Considering a lottery $L^{\rho }= {<}\rho _1/\lambda _1,..., \rho _n / \lambda _n {>}$ we define a lottery $(1-L)^\rho $ by $(1-L)^{\rho }= {<}\rho _1/(1-\lambda _1),..., \rho _n /(1- \lambda _n) {>}$. We have the following semi-duality relation

$$\begin{aligned} ES^{Pes}(L^\rho ) = 1- ES^{Opt}((1-L)^\rho ). \end{aligned}$$

(9)

This property will be useful for some proofs in the following. For the sake of brevity, we will drop $\alpha $ from $S^{\alpha }$ and $T^{\alpha }$ in the sequel.

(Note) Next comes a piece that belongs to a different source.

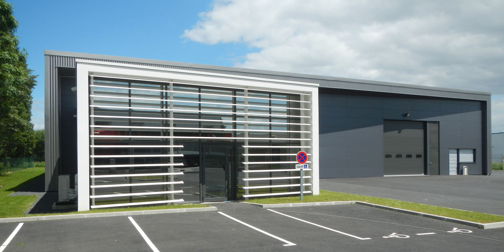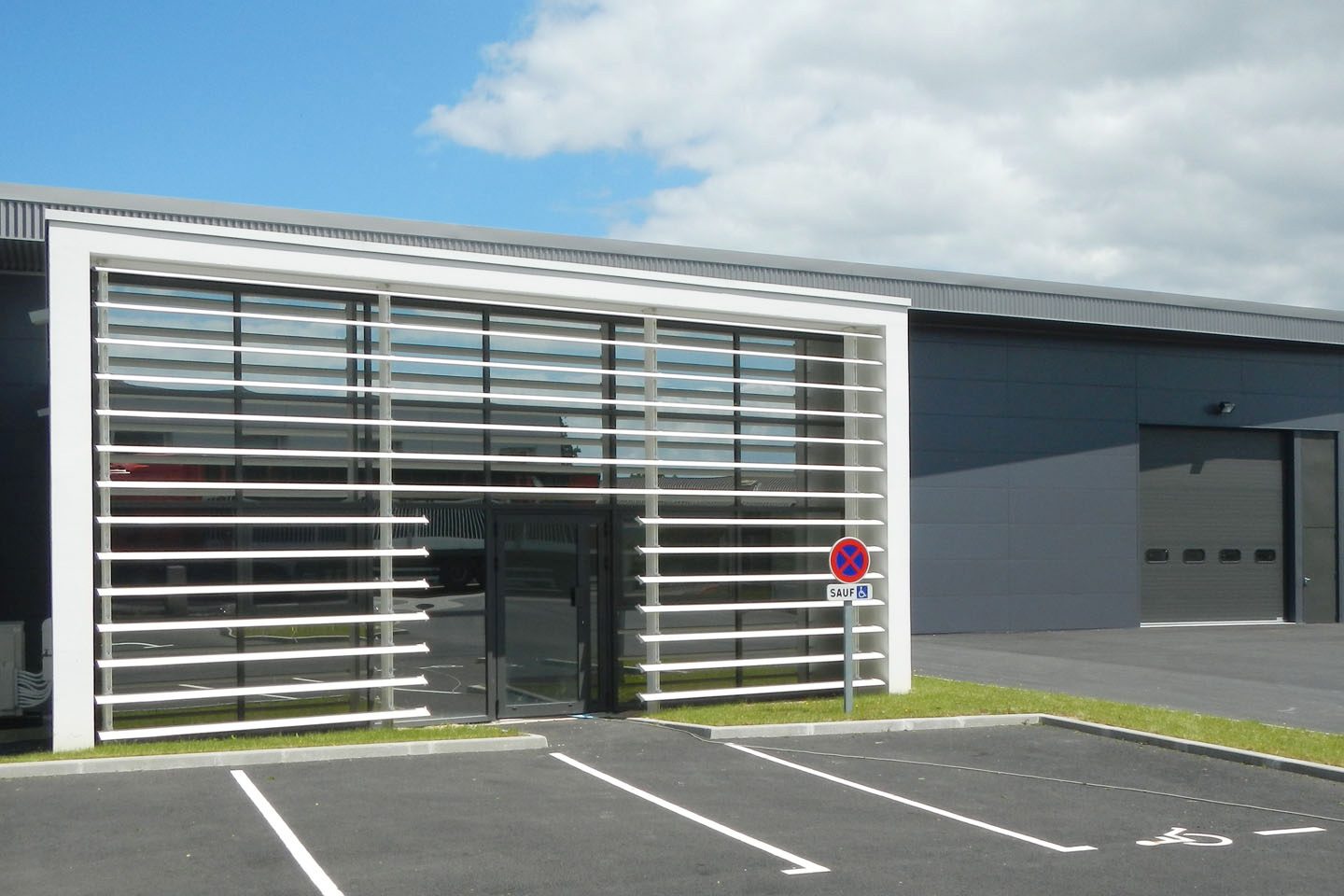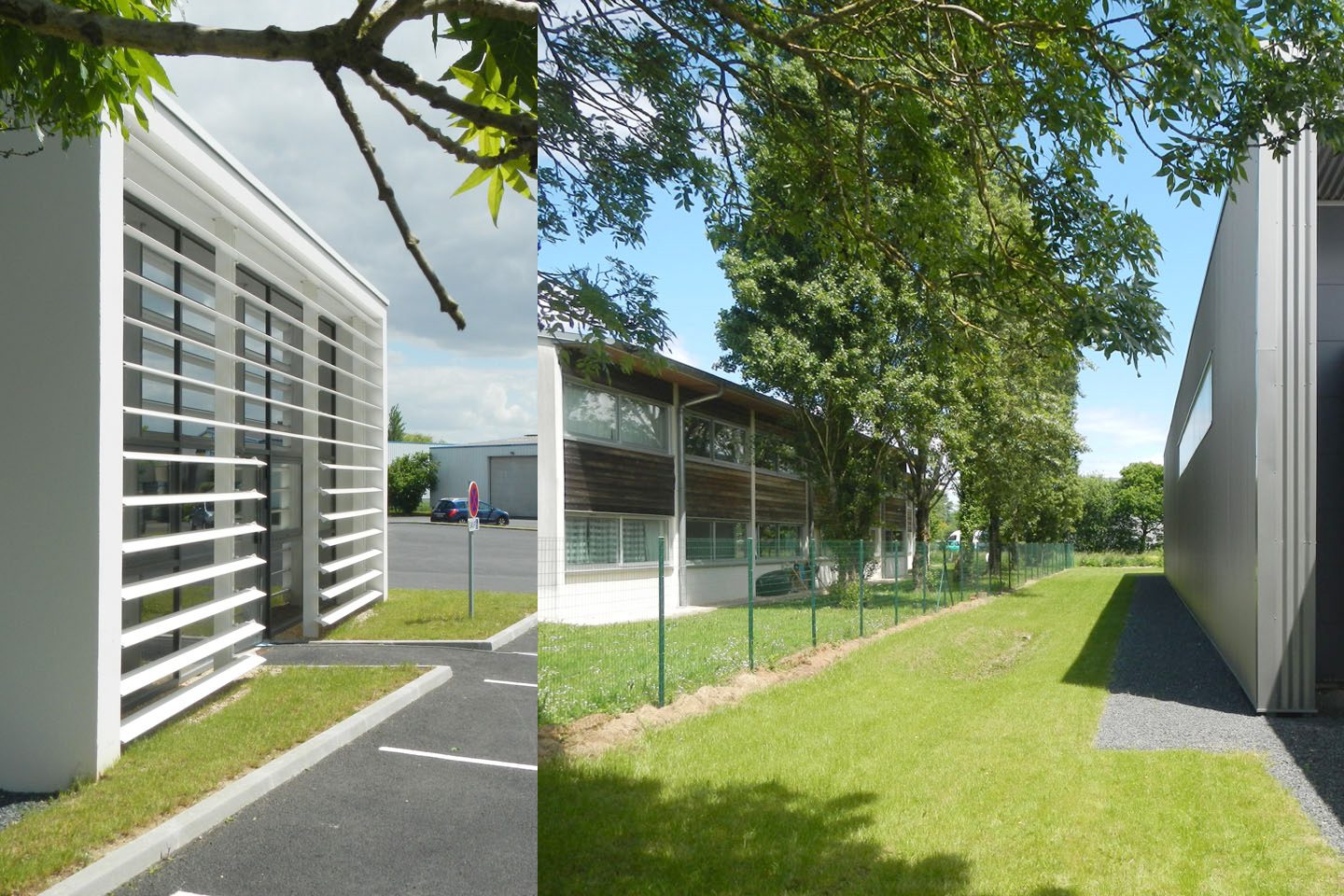 Le projet a permis la réalisation d’un bâtiment d’activités comportant trois cellules indépendantes avec chacune une partie entrepôt et une partie bureaux. L’architecture de l’ouvrage est très épurée. Deux volumes marquent l’entrée de la parcelle et organisent l’espace. Les deux volumes génèrent un jeu de composition grâce à leurs échelles différentes et à leur contraste colorimétrique.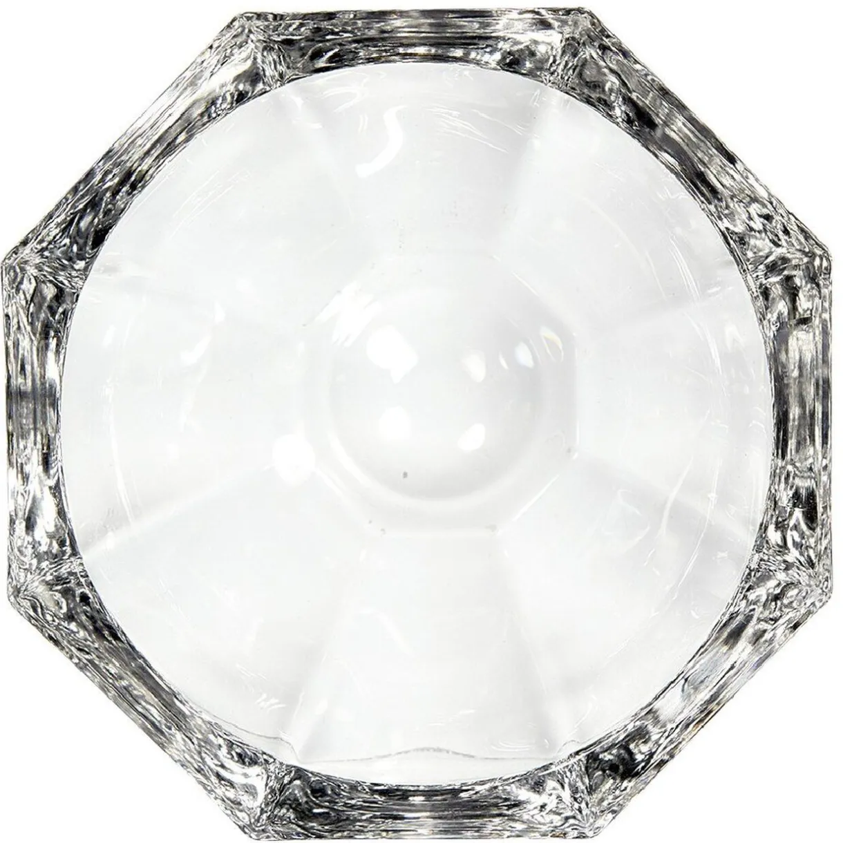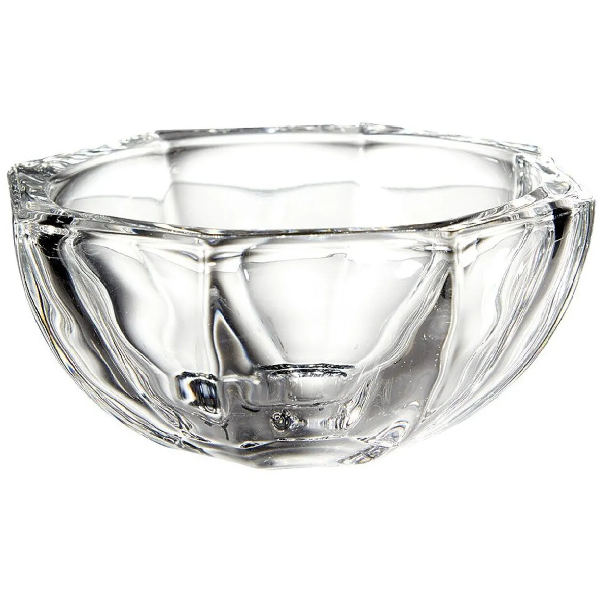 Coupelle octogonale en verre transparent de 12 cm de diamètre.

4.1 Hybrid Utility Functional and Decision Maker Behavior

Let us rewrite $ES^{Opt}(L)$ and $ ES^{Pes}(L)$ more explicitly so as to lay bare its meaning.

Proposition 3

$$\begin{aligned} ES^{Opt}(L)= {\left\{ \begin{array}{ll} U^{Opt}(L) \text { if } \not \exists i \text { s.t. } \lambda _i> \alpha \text { with } \rho ^{\alpha }_i>\alpha \\ E^{Opt}(L)=\alpha + \frac{\sum _{i|\lambda _i\rho ^{\alpha }_i>\alpha } (\lambda _i-\alpha ) (\rho ^{\alpha }_i-\alpha )}{1-\alpha } \text { otherwise} \end{array}\right. } \end{aligned}$$

(10)

$$\begin{aligned} ES^{Pes}(L)= {\left\{ \begin{array}{ll} U^{Pes}(L) \text { if } \not \exists i \text { s.t. } \lambda _i < 1-\alpha \text { with } \rho ^{\alpha }_i>\alpha \\ E^{Pes}(L)=1-\alpha - \frac{\sum _{i|1-\lambda _i,\rho ^{\alpha }_i>\alpha } (1-\lambda _i-\alpha ) (\rho ^{\alpha }_i-\alpha )}{1-\alpha } \text {otherwise} \end{array}\right. } \end{aligned}$$

(11)

Proof

If $\not \exists i$ s.t. $\lambda _i > \alpha $ with $\rho ^{\alpha }_i>\alpha $ then $\forall i$, $T =\min $ is used and $S= \max $ too. So we are back to the $U^{Opt}(L)$ criterion. If there is only one i s.t. $\lambda _i > \alpha $ with $\rho ^{\alpha }_i>\alpha $, then $ES^{Opt}(L)= T^{\alpha }(\rho ^{\alpha }_i,\lambda _i) = \alpha + \frac{ (\lambda _i-\alpha ) (\rho ^{\alpha }_i-\alpha )}{1-\alpha } $. For the general case where there are several i such that $\min (\rho ^{\alpha ,L}_i,\lambda _i)> \alpha $, say a set $I^+$ of indices then $T(\rho ^{\alpha ,L}_i,\lambda _i)> \alpha , i \in I^+$ only. Then $ES^{Opt}(L)= \sum _{i \in I^+}(\alpha + \frac{ (\lambda _i-\alpha ) (\rho ^{\alpha }_i-\alpha )}{1-\alpha }) - (card(I^+)-1)\alpha = \alpha + \sum _{i \in I^+}(\frac{ (\lambda _i-\alpha ) (\rho ^{\alpha }_i-\alpha )}{1-\alpha }) $. Using semi-duality between $ES^{Pes}$ and $ES^{Opt}$ we get the expression of the former. $\Box $

From Proposition 3 it is easy to check that:

Proposition 4

$ES^{Opt}(L)\le \alpha $ iff $ES^{Opt}(L)=U^{Opt}(L)$.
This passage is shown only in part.